_Problem to work on_.
Starting at the line that contains "并且,以立讯为例,为苹果代工" and ending at the line that contains "记者拨打了122报警电话,很", the lines below are to be given again exactly, with nothing added.

_Exercise material_.

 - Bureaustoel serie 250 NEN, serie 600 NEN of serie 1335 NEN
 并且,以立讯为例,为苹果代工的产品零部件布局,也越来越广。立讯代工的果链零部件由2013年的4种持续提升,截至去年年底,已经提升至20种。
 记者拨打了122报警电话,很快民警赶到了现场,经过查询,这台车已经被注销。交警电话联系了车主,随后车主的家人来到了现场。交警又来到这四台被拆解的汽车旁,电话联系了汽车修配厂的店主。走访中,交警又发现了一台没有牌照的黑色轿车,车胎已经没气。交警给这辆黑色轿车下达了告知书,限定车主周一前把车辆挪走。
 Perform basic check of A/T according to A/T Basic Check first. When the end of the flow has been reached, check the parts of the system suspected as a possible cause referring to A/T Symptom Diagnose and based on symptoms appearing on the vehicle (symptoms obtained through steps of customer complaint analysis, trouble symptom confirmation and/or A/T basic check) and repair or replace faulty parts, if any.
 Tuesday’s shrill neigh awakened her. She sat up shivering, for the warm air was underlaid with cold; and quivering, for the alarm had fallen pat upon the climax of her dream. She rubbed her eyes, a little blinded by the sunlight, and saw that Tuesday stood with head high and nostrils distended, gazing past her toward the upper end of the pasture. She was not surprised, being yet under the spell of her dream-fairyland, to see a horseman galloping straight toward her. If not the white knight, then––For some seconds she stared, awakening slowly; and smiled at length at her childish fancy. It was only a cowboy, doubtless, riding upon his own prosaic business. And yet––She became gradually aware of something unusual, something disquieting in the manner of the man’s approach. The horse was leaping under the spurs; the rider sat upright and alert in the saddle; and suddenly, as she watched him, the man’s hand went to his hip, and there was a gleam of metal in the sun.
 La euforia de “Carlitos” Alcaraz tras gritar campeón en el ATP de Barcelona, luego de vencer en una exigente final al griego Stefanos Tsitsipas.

_Solution for this problem_.
 并且,以立讯为例,为苹果代工的产品零部件布局,也越来越广。立讯代工的果链零部件由2013年的4种持续提升,截至去年年底,已经提升至20种。
 记者拨打了122报警电话,很快民警赶到了现场,经过查询,这台车已经被注销。交警电话联系了车主,随后车主的家人来到了现场。交警又来到这四台被拆解的汽车旁,电话联系了汽车修配厂的店主。走访中,交警又发现了一台没有牌照的黑色轿车,车胎已经没气。交警给这辆黑色轿车下达了告知书,限定车主周一前把车辆挪走。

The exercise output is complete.